Stonewall Jackson Encounters the Texas Brigade
I never thought of
Stephen Lang Stonewall Jackson as a particularly funny guy, but perhaps I misjudged him. Here’s an anecdote of his encounter with soldiers of the Texas Brigade about the time of the Valley Campaign in the spring of 1862:
We were all ignorant then about discipline in the army and thought that we had a right to know as much as the officers. But we soon found out differently. [Division commander] Gen. [William H.C.] Whiting was an old army officer, and a good one, and he said to Gen. Hood, that he had no doubt but what those Texas men would make good soldiers, “but you will have a hard time getting them down to army regulations.” Gen. Jackson was a good hand to execute and keep his own counsel, and about the first thing that he did was to give us to understand that we must know nothing but obey orders and if any citizen on the march should ask you where you are going, tell them that you “don’t know.” The next day he came along and noticed one of our men leave ranks for a cherry tree.
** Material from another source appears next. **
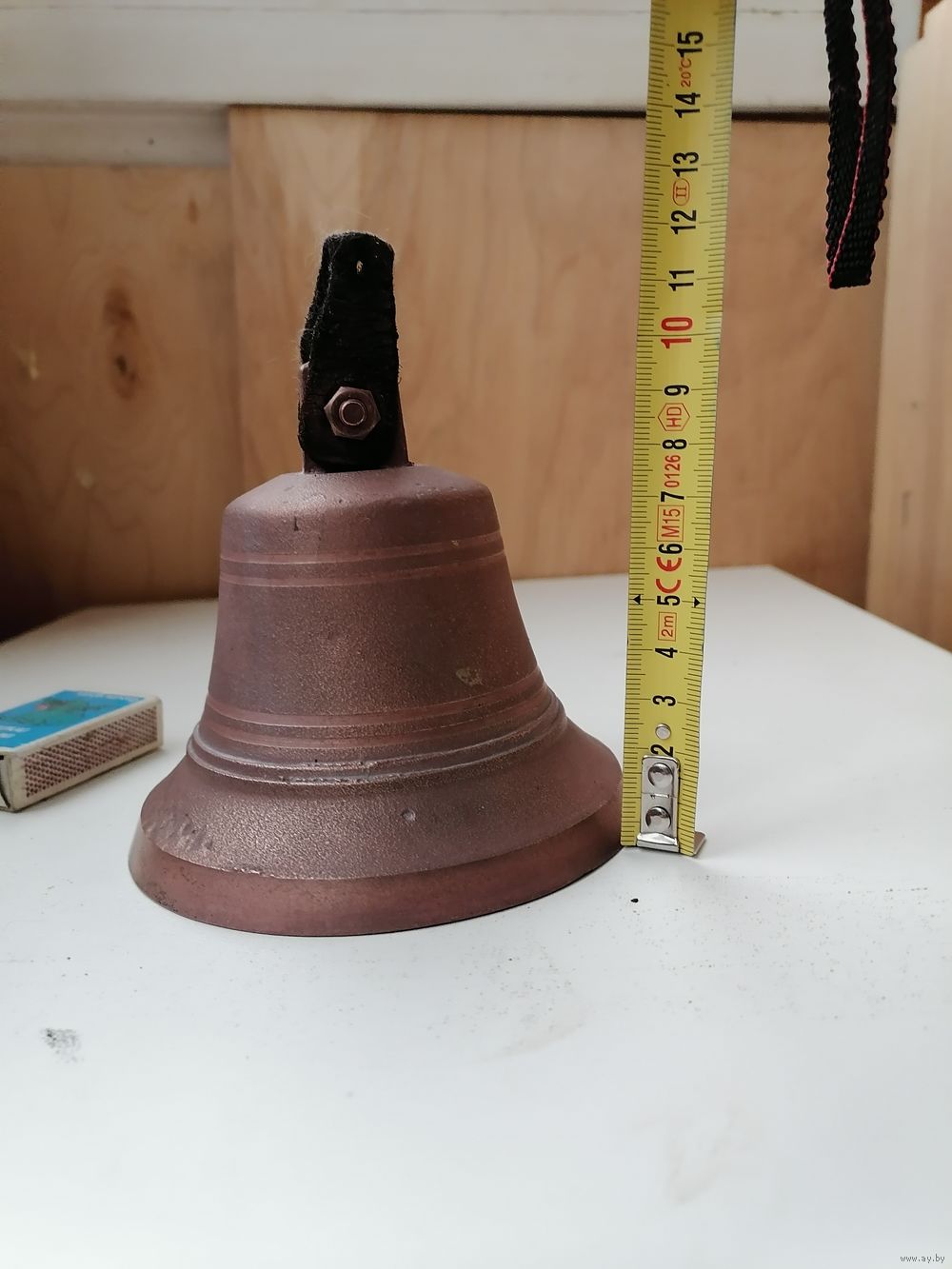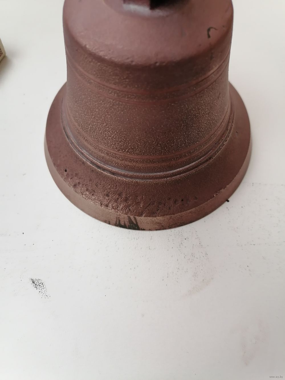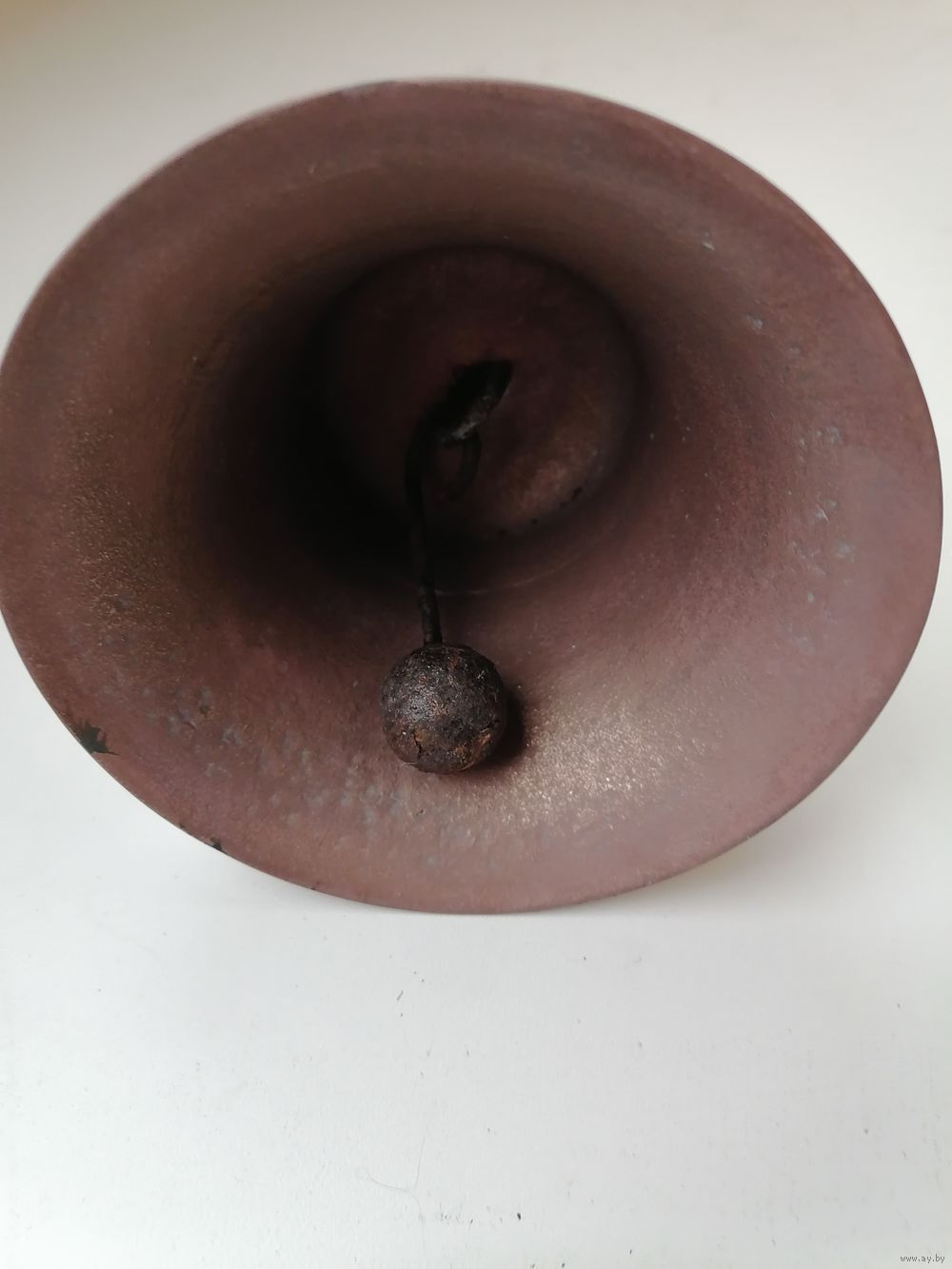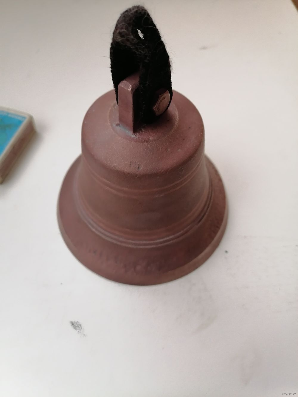 Добрый день. Колокол из меди , очистил ,но не полировал . Язычок ржавый ,но свою функцию выполняет. Звонкий . На верху присутствует цифра 12 . Привезен из Исландии.

Cherries were getting ripe. “Where are you going?” asked the General. “I don’t know, sir.” “What Regiment do you belong to?” “I don’t know sir.” “What do you know?” “I know that Gen. Jackson said that we must not know anything till after the fight was over.” “Is that all you know?” “I know that I want to go to that cherry tree.” “Well, go on.” _____________ The next day, he came along and one of our men said to him: “General, where are we going?” He turned around and looked at him a few minutes and said: “Are you a good hand to keep a secret?” “Yes, sir.” “Well, so am I,” and he rode on.
As told by former Private James M. Polk, Co. I, 4th Texas Infantry.